The impact could be beneficial, neutral or adverse depending upon the present tax treatment. Goods presently are subject to central excise duty on manufacture, few products like pharma attract duty at 4.12%, whereas the standard rate is 10.30%. VAT/sales tax on sale of goods are presently 4% to 5% as lower rate and 12.5% to 15% as standard rate in different states. In other words, currently, manufactured goods are subject to indirect taxes to the extent of 9% or 25%.
Inception of GST at the proposed rates, therefore, will be beneficial for many goods as the peak rate of indirect tax would get reduced by around 5% approximately. White goods, which currently attract about 25% indirect taxes, could gain by a 5% reduction in duty rate. In case of cars, the peak rate of central excise duty would be reduced from 22% to 10% and VAT from 12.5% to 10%, making cars cheaper by nearly 15% in the future. The steel industry presently attracts around 10% excise and 5% VAT and would expect to be classified under the lower rate category of 12% GST, the impact could thus be marginal. So, not just the India Inc, end consumer stands to gain in the proposed scenario.
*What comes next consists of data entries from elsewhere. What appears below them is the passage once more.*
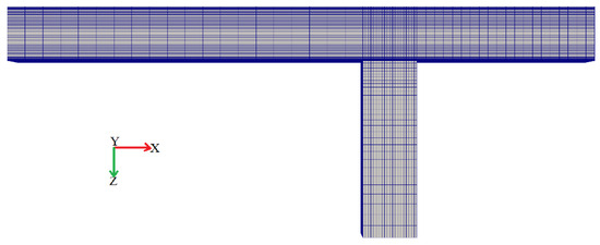 To improve the accuracy of the numerical model, a refined computational mesh was employed, as shown in Figure 4. The mesh was carefully structured to enhance resolution in key flow regions: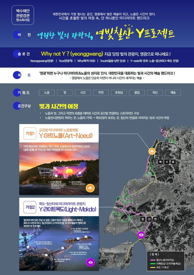 사업내용은 백수해안도로를 중심으로 경관자원과 문화콘텐츠를 집약·강화하는 사업으로 ▲해안 경관 인프라 확충 ▲노을전시관 리모델링 및 미디어파사드 조성 ▲칠산타워와 목도를 잇는 미디어라이트 연출 등을 통해 영광군을 체류형 관광도시로 탈바꿈시키는 것을 목표로 한다.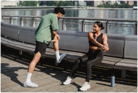 Two people stretching on benches by a riverside, engaging in outdoor exercise. Great for fitness and lifestyle themes.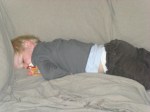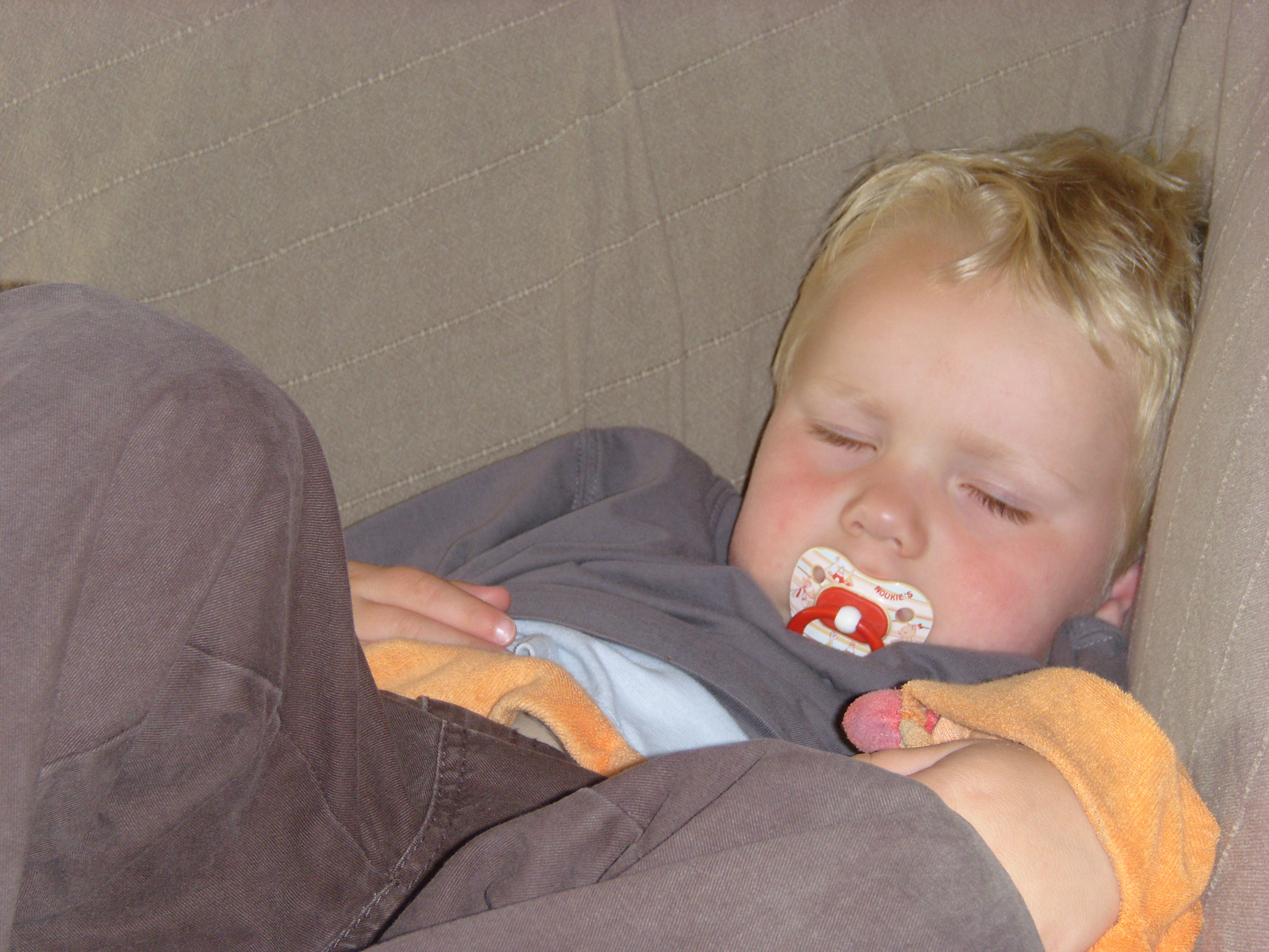 Ik had ze echt tegen de muur willen plakken, die twee. Maar net toen ik begon te bedenken hoe ik dat het beste kon doen (lijm, een haakje, een kast ervoor? :-)) begonnen ze met z’n tweeën aan een mooi knorconcert in stereo. Benne kriebelde met zijn handjes aan mijn arm, Fries wreef met zijn tenen aan mijn rug. En ja, ik was content. Zolang ze muisstil op dat bed lagen. Na een half uur begon het hele liedje opnieuw en werden mijn muur-behangplannen weer wat concreter.

However, there could be certain aberrations such as the pharma goods, which attract around 9% indirect tax, under GST may be placed at 12%, which could still entail an increase of 3%. Services, which attract service tax of 10.30% would be costlier at 16% GST rate. This could be a cash flow issue for businesses. The better credit mechanism may help overcome this impact. The list of exemptions and impact on customs duties by way of SGST would also depend upon the fine print of GST and impact thereof would need to be evaluated. In a nutshell, the proposed rate structure seems to be beneficial on an overall basis, a win-win deal that the Centre and States need to fine tune.